Resection of a Giant Hepatic Hemangioma Resolves Coagulopathy in an Adult

October 10, 2024

Abstract

Background

Kasabach-Merritt phenomenon (KMP) is a life-threatening consumptive coagulopathy typically associated with cavernous hemangiomas in infants. This case report describes a rare presentation of KMP in an adult patient with a giant hepatic hemangioma, successfully resolved following surgical resection.

Summary

A 42-year-old man with incidentally discovered hepatic hemangioma (16 cm) on workup for anemia experienced gradual enlargement over nine years (25 cm). This growth caused compression of intrahepatic structures, viscera displacement, and worsening symptoms (shortness of breath, abdominal fullness, early satiety, varicose veins). Lab results intermittently showed mild anemia, thrombocytopenia, and elevated prothrombin time.

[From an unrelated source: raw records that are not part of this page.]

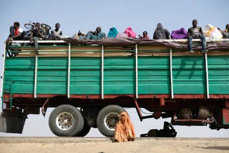 Refugees rest on, under and next to a truck in the Muna Garage area on the outskirts of Maiduguri, Nigeria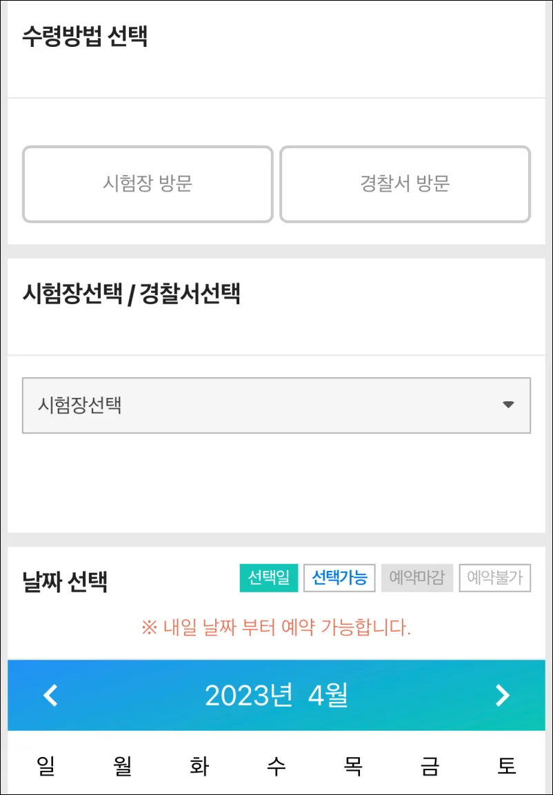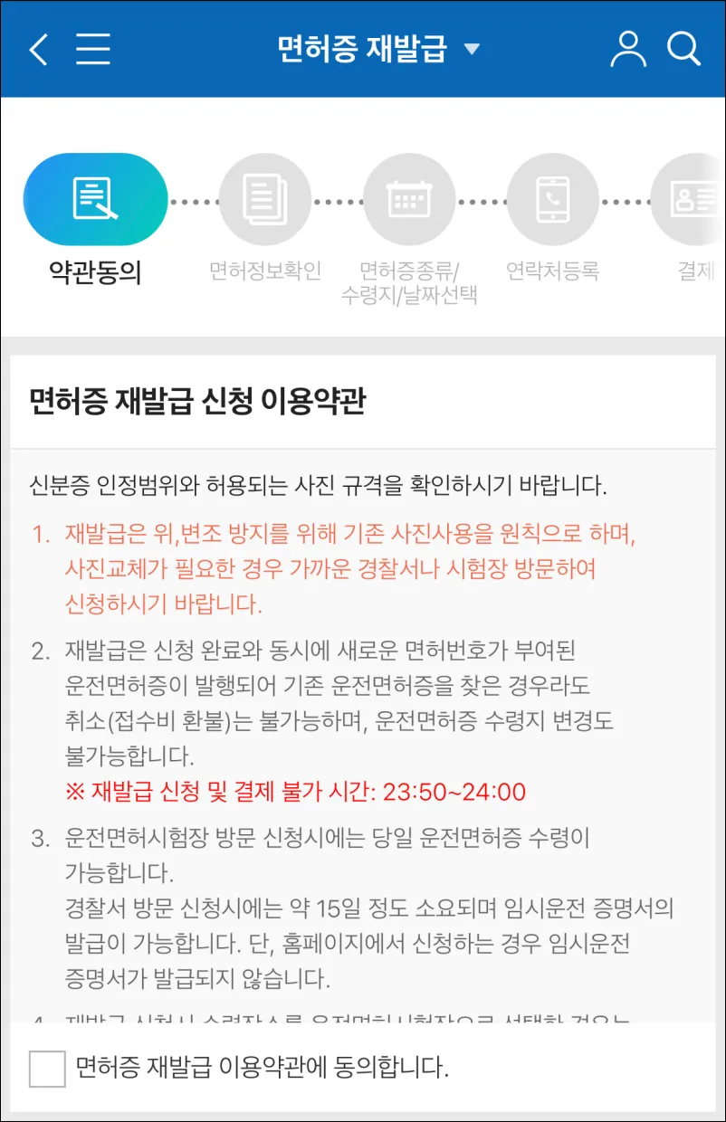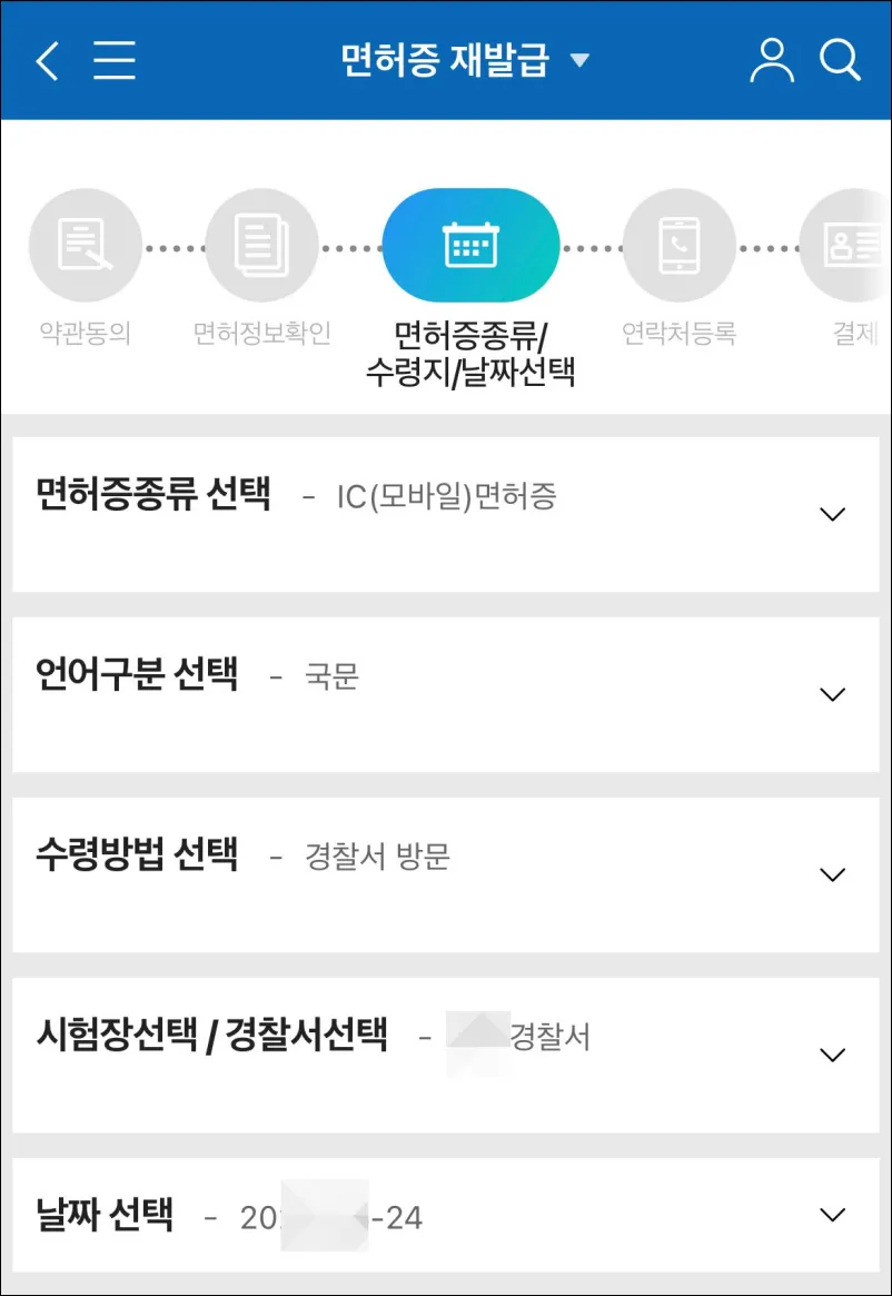 약관 동의가 끝나면 기존 면허 정보를 확인하고, 면허증 종류 및 수령지/날짜를 선택합니다.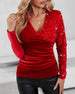 Top Met Sexy Stijl, V-Kraag Ontwerp, Kantstof En Lange Mouwen

Preoperatively, the patient underwent angioembolization targeting tributaries from the right inferior phrenic vein and branches of the right hepatic artery in segments VI and VII. Subsequently, an open resection was performed via a bilateral subcostal “chevron” incision. The surgery involved an eight-minute Pringle maneuver and rapid serial division of the abutting liver tissue in segments VI, VII, and VIII. The immediate postoperative period required transfusions of platelets, fresh frozen plasma, and tranexamic acid to manage coagulopathy. However, his coagulation studies normalized quickly, and he had an uneventful hospital course, leading to discharge on postoperative day (POD) 6. Follow-up at POD 15 showed sustained platelet count (>200K/μL) and improvement in shortness of breath with a 30-second per mile increase in running speed.

Conclusion

This study suggests a potential link between giant hepatic hemangiomas and a baseline low-level coagulopathy similar to Kasabach-Merritt syndrome (KMS). This raises concerns that expectant management in adult patients with these tumors might predispose them to overt KMS, particularly in the setting of trauma. While further investigation is warranted, the findings may justify considering earlier surgical resection of giant hepatic hemangiomas in patients exhibiting signs of coagulopathy.

Key Words

giant hemangioma; Kasabach-Merritt syndrome; coagulopathy; liver


Case Description

A rare but life-threatening complication, Kasabach-Merritt phenomenon (KMP), can develop in some patients with hepatic hemangiomas, despite their status as the most common benign liver tumors typically managed expectantly. Adult cases of KMP are particularly scarce, with our literature review identifying only 11 reported cases. This report describes an adult male patient who presented with KMP secondary to a giant hepatic hemangioma and associated coagulopathy. Notably, complete resolution of the coagulopathy was achieved following surgical resection of the hemangioma.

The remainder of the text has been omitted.